What is the difference between these two implementation of insertion operation to BST?

Question

There is the code:

public class BST {
    public Node root;

    private class Node {
        int key;
        String value;
        int N;
        Node left, right;

        public Node(int k, String v, int n) {
            key = k;
            value = v;
            N = n;
        }
    }

    public String get(int key) {
        return get(root, key);
    }

    private String get(Node n, int k) {
        if(n == null) {
            return null;
        }
        if(k == n.key) {
            return n.value;
        } else {
            if(k < n.key) {
                return get(n.left, k);
            } else {
                return get(n.right, k);
            }
        }
    }

    //    This snippet puzzles me
    public void put(int key, String value) {
        root = put(root, key, value);
    }

    private Node put(Node n, int k, String v) {
        if(n == null) {
            return new Node(k, v, 1);
        }
        if(n.key == k) {
            n.value = v;
        } else {
            if(k < n.key) {
                n.left = put(n.left, k, v);
            } else {
                n.right = put(n.right, k, v);
            }
        }
        n.N = size(n.left) + size(n.right);
        return n;
    }
    //    snippet ends


    public static void main(String[] args) {
        BST r = new BST();
        r.put(2, "root");
        r.put(1, "left");
        r.put(3, "right");

        System.out.println(r.get(2));
        System.out.println(r.get(1));
        System.out.println(r.get(3));
    }


}

output:

root
left
right

It works just fine:)

However, when I change the put method like this:

    public void put(int key, String value) {
        put(root, key, value);
    }

    private void put(Node n, int k, String v) {
        if(n == null) {
            n = new Node(k, v, 1);
        }
        if(n.key == k) {
            n.value = v;
        } else {
            if(k < n.key) {
                put(n.left, k, v);
            } else {
                put(n.right, k, v);
            }
        }
        n.N = size(n.left) + size(n.right);
    }

I got the output

null
null
null

Obviously, the new put method failed. But why? In my opinion, these two different implementations are just not much different.

Answer 1

In Java, when you read Node n the n is a local copy of a reference. When you assign this local copy it doesn't change the copy in the caller. ie.
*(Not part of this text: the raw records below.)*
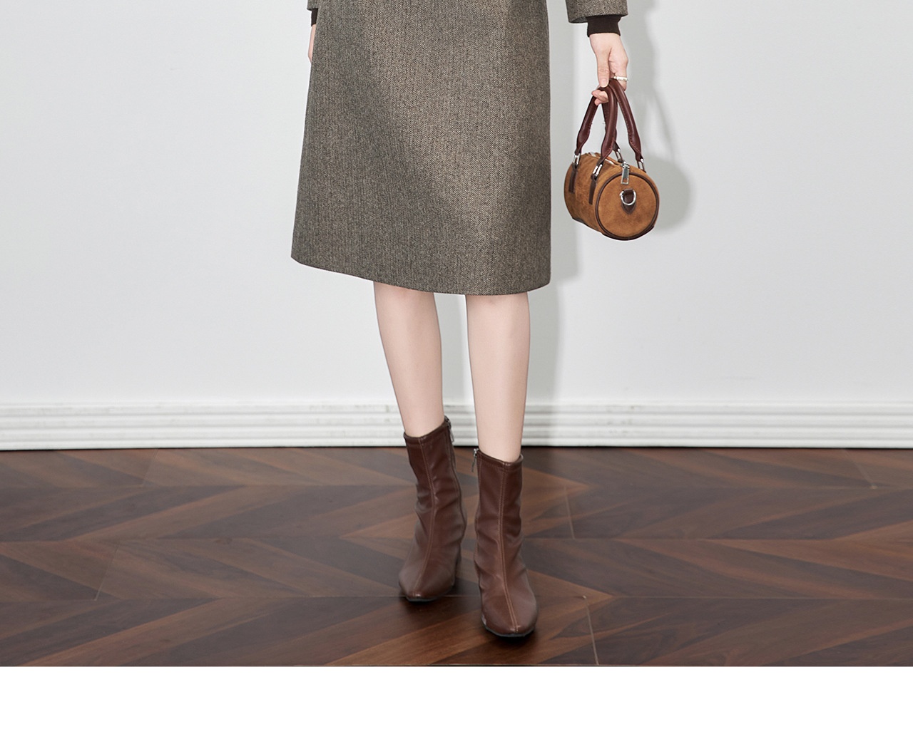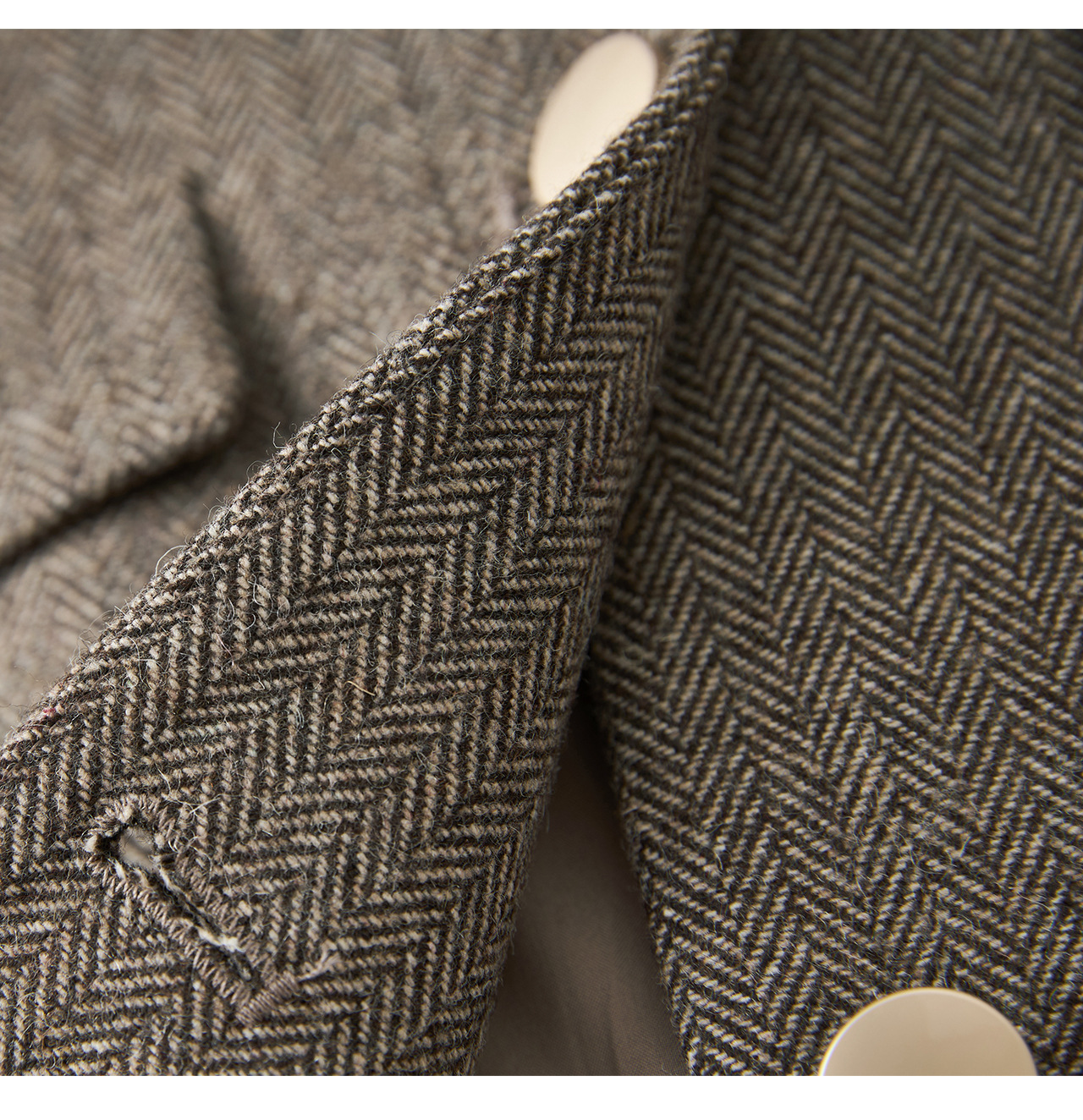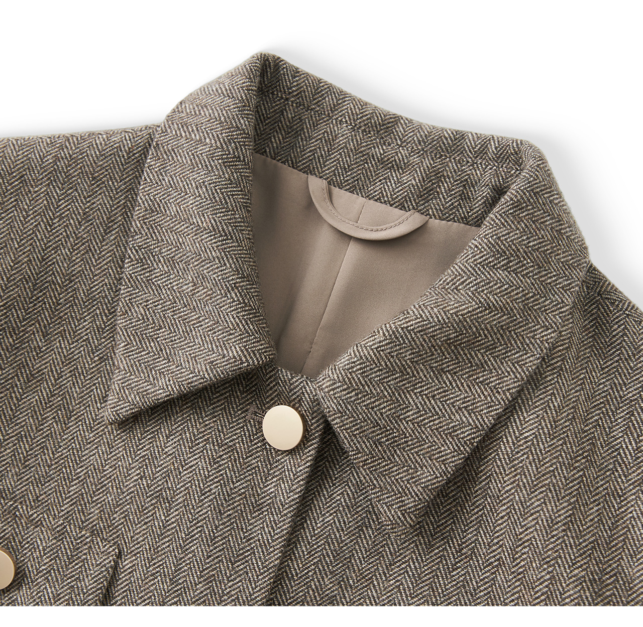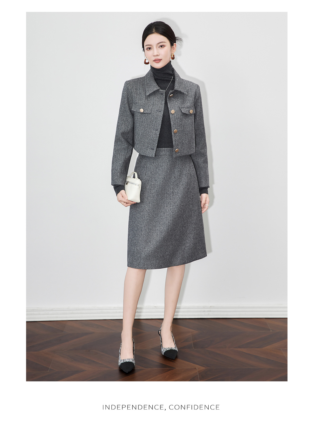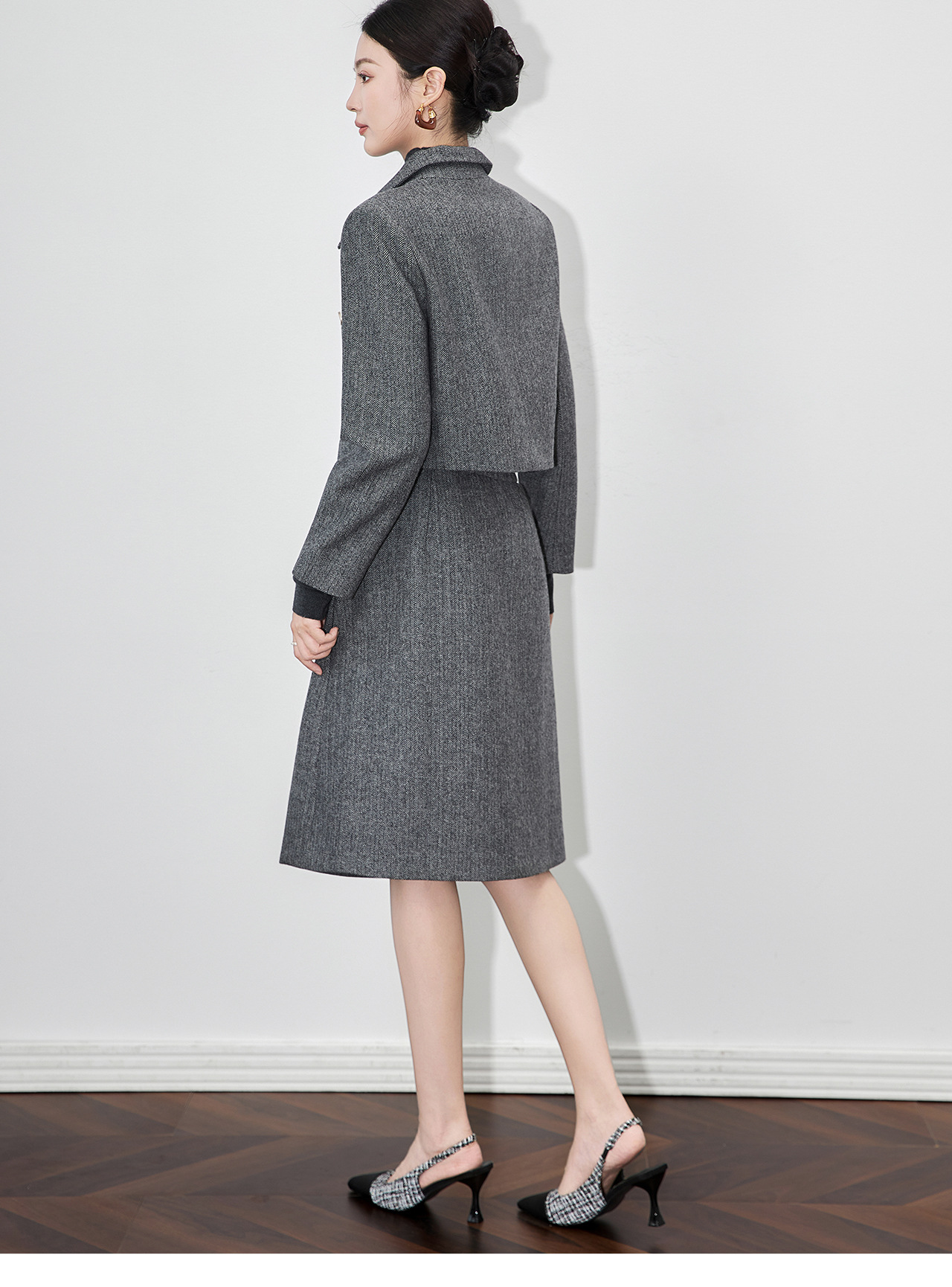 「高货wl」全新升级【铂金会员441/天猫599/差价158】(99910)洛诗琳法式小香风人字纹毛呢短外套高腰A字半身裙两件套
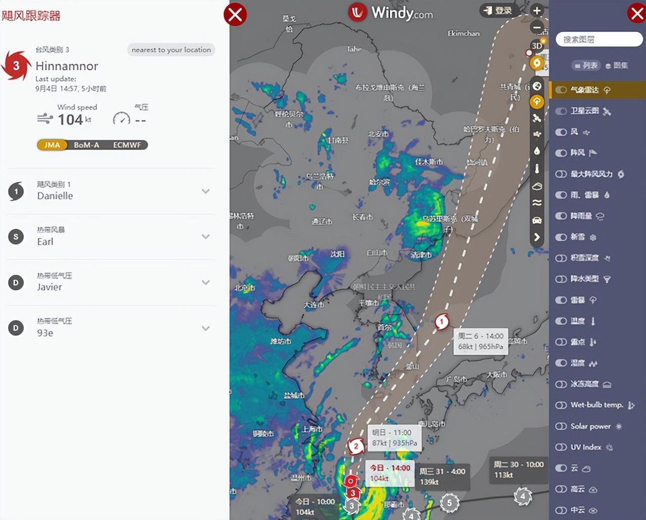 https://c.quk.cc/3/z14/x225ohqr4st >使用教学 STEP 1 开启 Windy 网站后会依照使用者的定位信息显示所在城市的气象信息,左上角会有气温、天气资讯、风向、降雨机率和未来三天的天气预测,消失或没显示可点选中间上方 Windy 标志就会出现,若不想开启浏览器的定位权限,也能直接在左上角搜索框里输入要查询的地点,支持中文。 在网站地图点击任一位置,或是将标记点拖拽到某个范围,就会显示该地点的气象信息。 左上角「设置」功能切换不同单位,例如风速、温度、降雨量、海浪、降雪、气压、海拔、距离等等,不过应该会以使用者所在位置选择最常用的选项。 STEP 2 从右侧切换要检视的图层项目,例如:雷达、卫星、风速、雷暴、温度、湿度,如果点选「更多图层」还会有更多可切换显示的气象数据,功能很多,自行探索一下吧! 下图是切换为卫星云图图层的显示样貌,也是大家经常在天气预报中看到的画面。 STEP 3 右上角有一个「台风追踪器」会显示距离用户最近的台风(大西洋和东北太平洋称为飓风),例如最新的Hinnamnor就会在网站显示预测路径、风速、气压等信息,网站提供的路线预测是从不同的来源取得信息:JMA(日本气象厅)、BoM-A(澳洲气象局)和 ECMWF(欧洲中期天气预报中心), 点选进行切换。 STEP 4 除了从右侧点击要检视的图层,右下角还能开启关闭动画、气压显示,或是在图层中加入其他要查看的信息。 STEP 5 从左上方搜寻特定地点,例如北京市,下方会显示未来一周、每三小时的天气预测(如果要缩小为每小时预测需要付费升级为 Premium 会员),包括湿度、降雨量、风速、阵风和风向等等,左下角还有海浪、风速等等,可查询的气象相关资讯非常庞大。 网站链接:https://c.quk.cc/3/z14/e2s2wckhnwe >如果你喜欢本文,或者觉得本文对你有帮助,请分享出去,让更多的人因此而受益
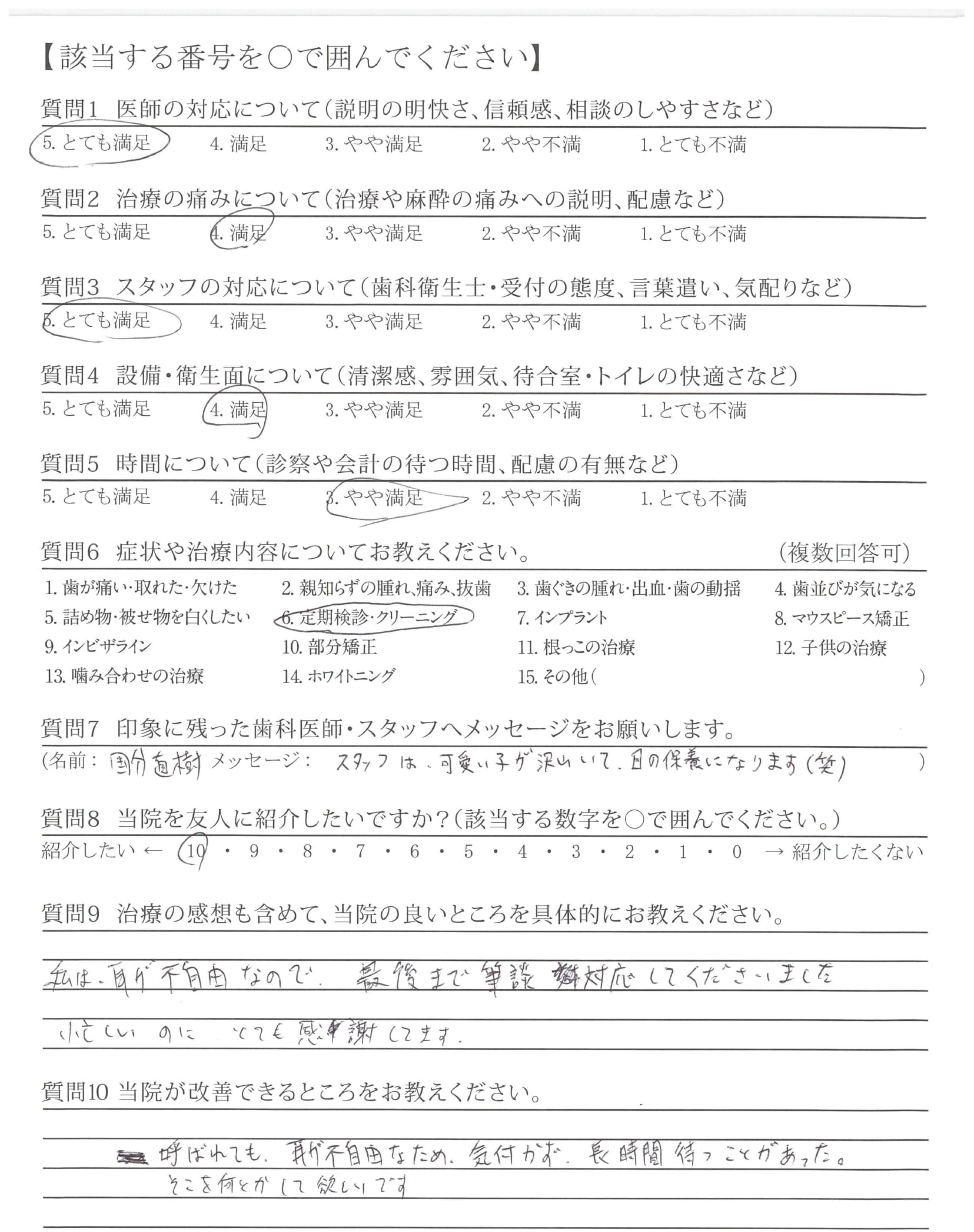 私は、耳が不自由なので、最後まで筆談対応してくださいました。忙しいのにとても感謝してます。
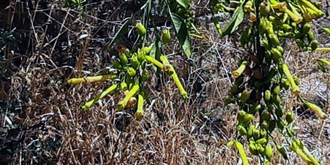 ولفتت العلي إلى أنه تتم مكافحة نبات التبغ السام بطرق علمية من خلال تكميم وقص النورات الزهرية وتجميعها في أكياس تمهيداً لحرقها منعاً من انتشار تلك البذور السامة ثم القيام برش الشجيرات المنتشرة بمبيد أعشاب جهازي “غلايفوسيد” للقضاء على هذه النبتة ومنع انتشارها.
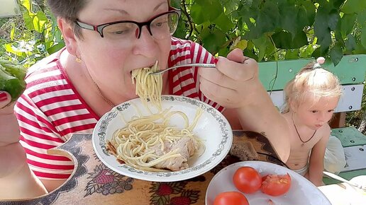 Дали свет , быстрее жрать/Вермишель с курицей, после бутерброда это очень вкусно/И Викуля моя кушает,главное чтоб не спать🙉
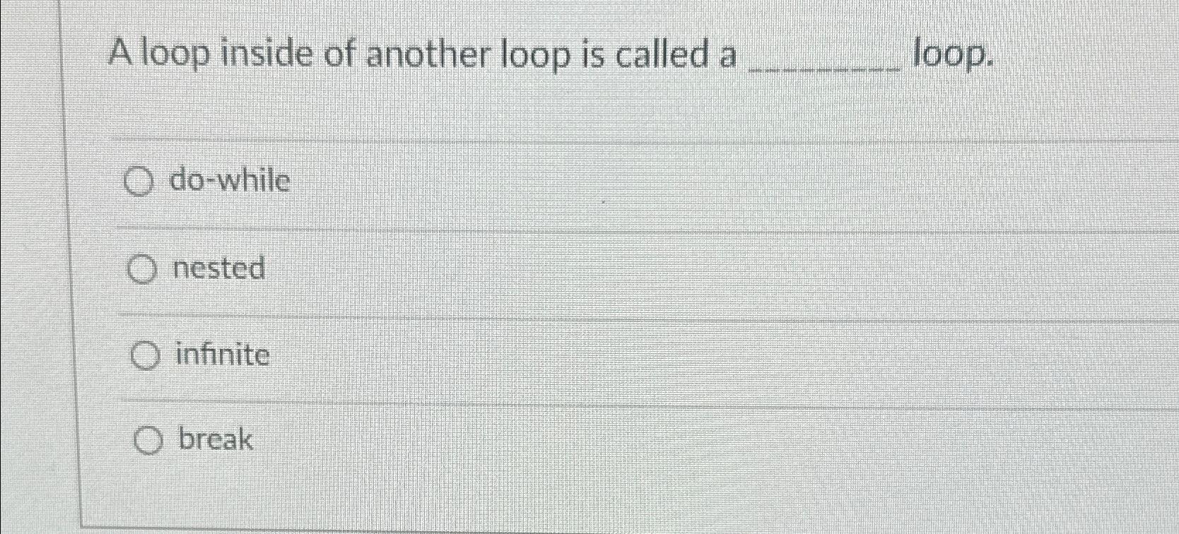 Solved A loop inside of another loop is called | Chegg.com
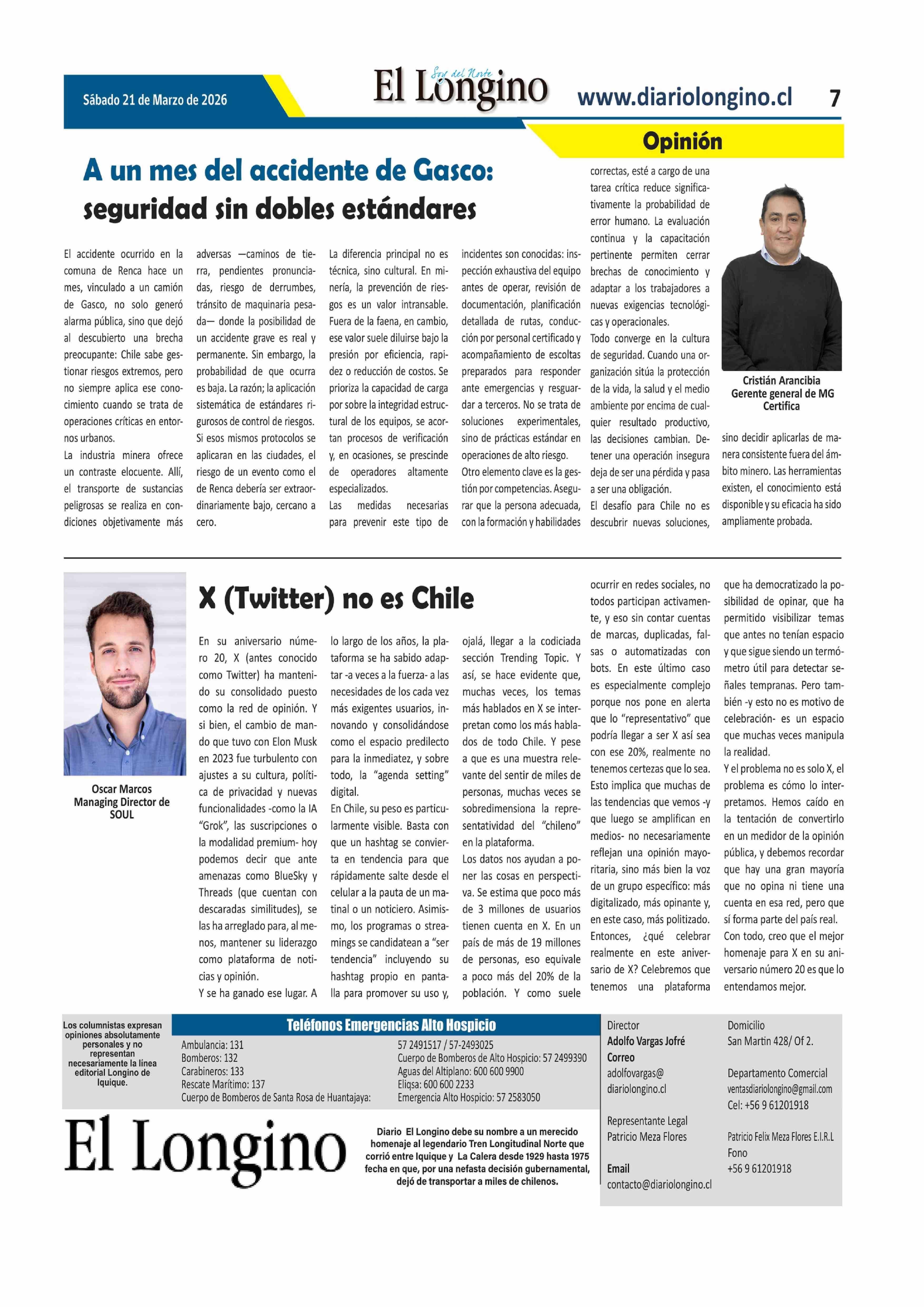 Fecha: 21-03-2026 Sector: Columnas de Opinión Región: Región de Tarapacá
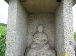勝央町勝間田で稲刈りが始まりそうな田圃の中に鎮座しておられる湯大明神(2020年9月10日撮影)
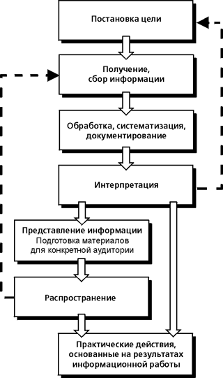 Приступая к работе с информацией, разумно поставить цель этой работы. Как мы увидим в дальнейших разделах этой главы, в хорошо организованной информационной работе цель определяет буквально все — от направлений поиска, источников информации и методов ее получения, до форм ее представления и способов распространения. Сама же цель информационной работы всегда состоит в приобретении и (или) распространении сведений, необходимых для осуществления конкретных действий, изменения поведения людей, принятия решений.
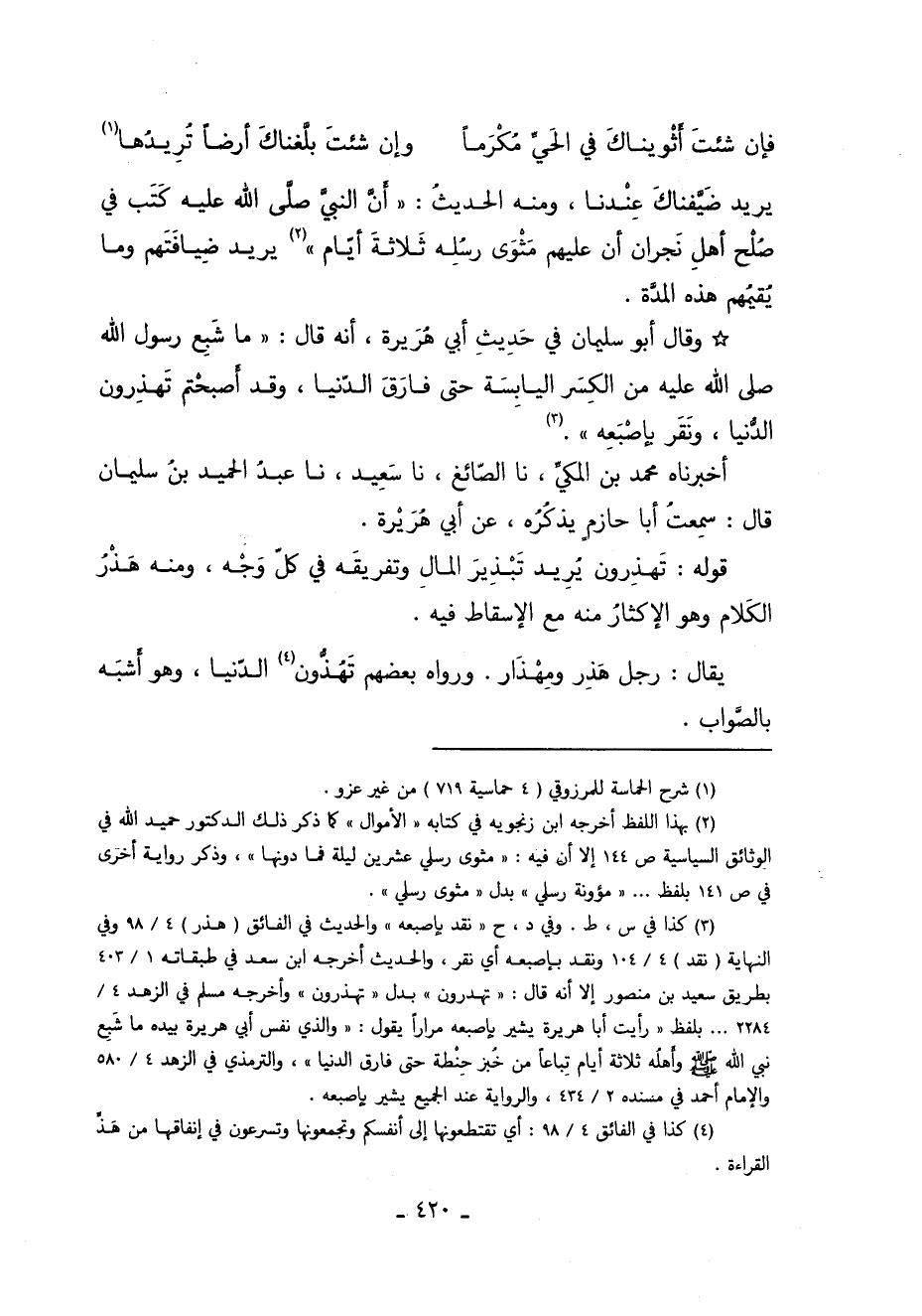 1 كذا في س, ط, وفي د, ح "نقد بإصبعه" والحديث في الفائق "هذر" "4/ 98" وفي النهاية "نقد" "4/ 104" ونقد بإصبعه أي نقر, والحديث أخرجه ابن سعد في طبقاته "1/ 403" بطريق سعيد بن منصور إلا أنه قال: "تهدرون" بدل "تهذرون" وأخرجه مسلم في الزهد "4/ 2284" ... بلفظ "رأيت أبا هريرة يشير بإصتعه مرارا يقول: "والذي نفس أبي هريرة بيده ما شبع نَبِيَّ اللَّهِ صَلَّى اللَّهُ عَلَيْهِ وسلم وأهله ثرثة أيام تباعا من خبز حنطة حتى فارق الدنيا", والترمذي في الزهد "4/ 580" والإمام أحمد في مسنده "2/ 434" والرواية عند الجميع يشير بإصبعه.

private void put(Node n, int k, String v) {
    if(n == null) {
        n = new Node(k, v, 1); // this doesn't change the caller.
    }

if you don't return the node to assign to the root, n.left or the n.right, you are creating a node, but you are not adding it to the tree.

If you want to investigate this further I suggest you step through the code in your debugger and you will be able to see what each line of code is doing.

Answer 2

When you change the assignment

n.left = put(n.left, k, v);

to

put(n.left, k, v);

(or the same with the n.right), and you don't already have a node there, you're assigning a new node to n variable, but you're not updating the link from the parent to the child at the return from the recursive call. So the new Node will remain isolate beacuse you're changing the reference of n inside your last recursive call but not n.left(or right) parent's reference. Moreover, I guess that when the value of reference n will be discharged at the end of last recursive call, since no other reference is pointing to the newly created node, this would be eventually eliminated by the garbage collector.